UCLA researchers in the Department of Chemistry and Biochemistry have proposed a one-step radical mechanism for disulfide bioconjugation that overcomes many concerns associated with the free cysteine residues that result from current bioconjugation techniques.
The post-translational modification of proteins has a number of important biological applications, including the development of novel drugs. Although its reactive thiol group makes cysteine an ideal site for modification, cysteine is typically bonded in a disulfide bridge. The modification of cysteine disulfide bonds is difficult since these bonds play a crucial role in protein structures. Additionally, current modification techniques require a reduction step prior to bioconjugation that leads to the production of free cysteine residues. Cysteine residues cause protein unfolding and aggregation and can compromise protein structure and function.
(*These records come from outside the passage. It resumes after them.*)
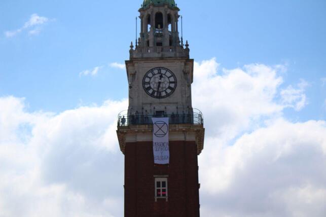 Looming over the action were Extinction Rebellion banners and messages, draped across the Viaduct walls, and the organization's iconic hourglass logo set at an impressive height.
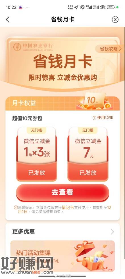 农行 热门活动 省钱月卡,用数币付款
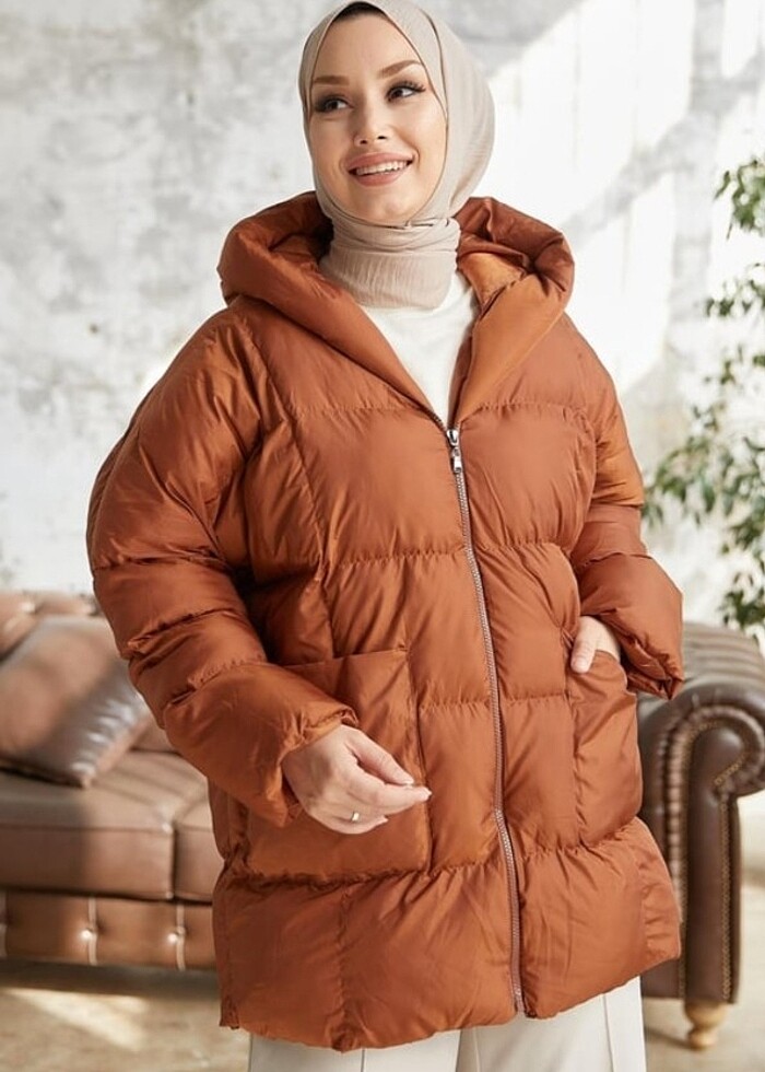 Taba rengi şişme mont. Standart beden. Salaş model. Herhangi bi sorunu yoktur.
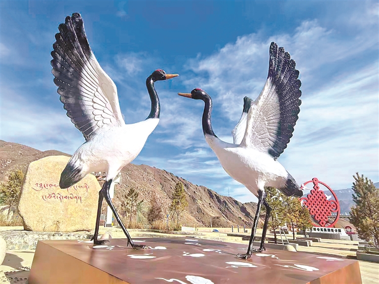 图为哲蚌寺民族团结主题公园内的拉萨市鸟黑颈鹤雕塑。
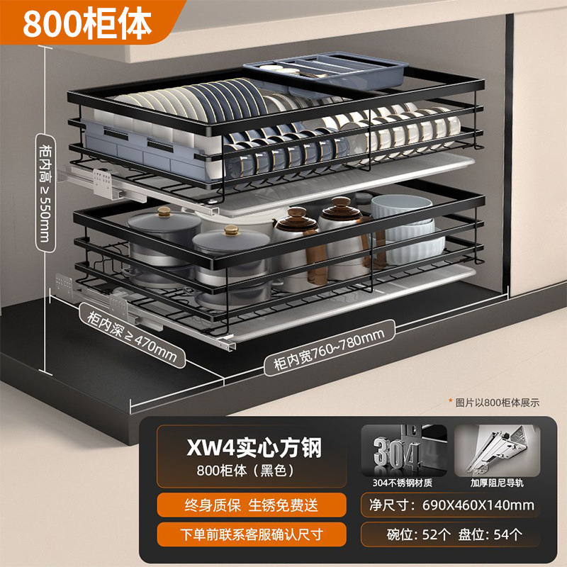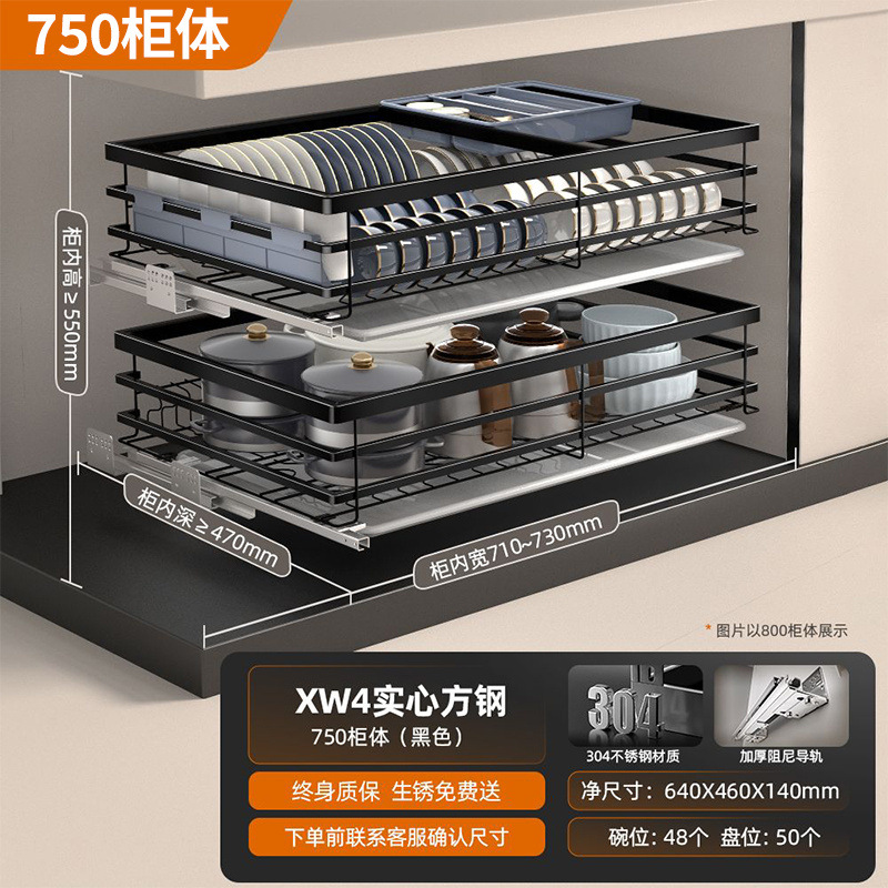 • 피아노 블랙 SUS304 스테인레스 스틸-47cm 깊이-720 캐비닛 더블 레이어 접시 바구니

UCLA researchers in the Department of Chemistry and Biochemistry have proposed a radical mechanism for disulfide bioconjugation. The proposed mechanism allows for peptide modification through selective one-step conjugation of disulfide bonds. Importantly, this mechanism does not require the reduction step of current techniques and allows for rapid disulfide bioconjugation without the production of free cysteine residues. The applications of the proposed mechanism range from antibody drug conjugation to more general protein conjugation.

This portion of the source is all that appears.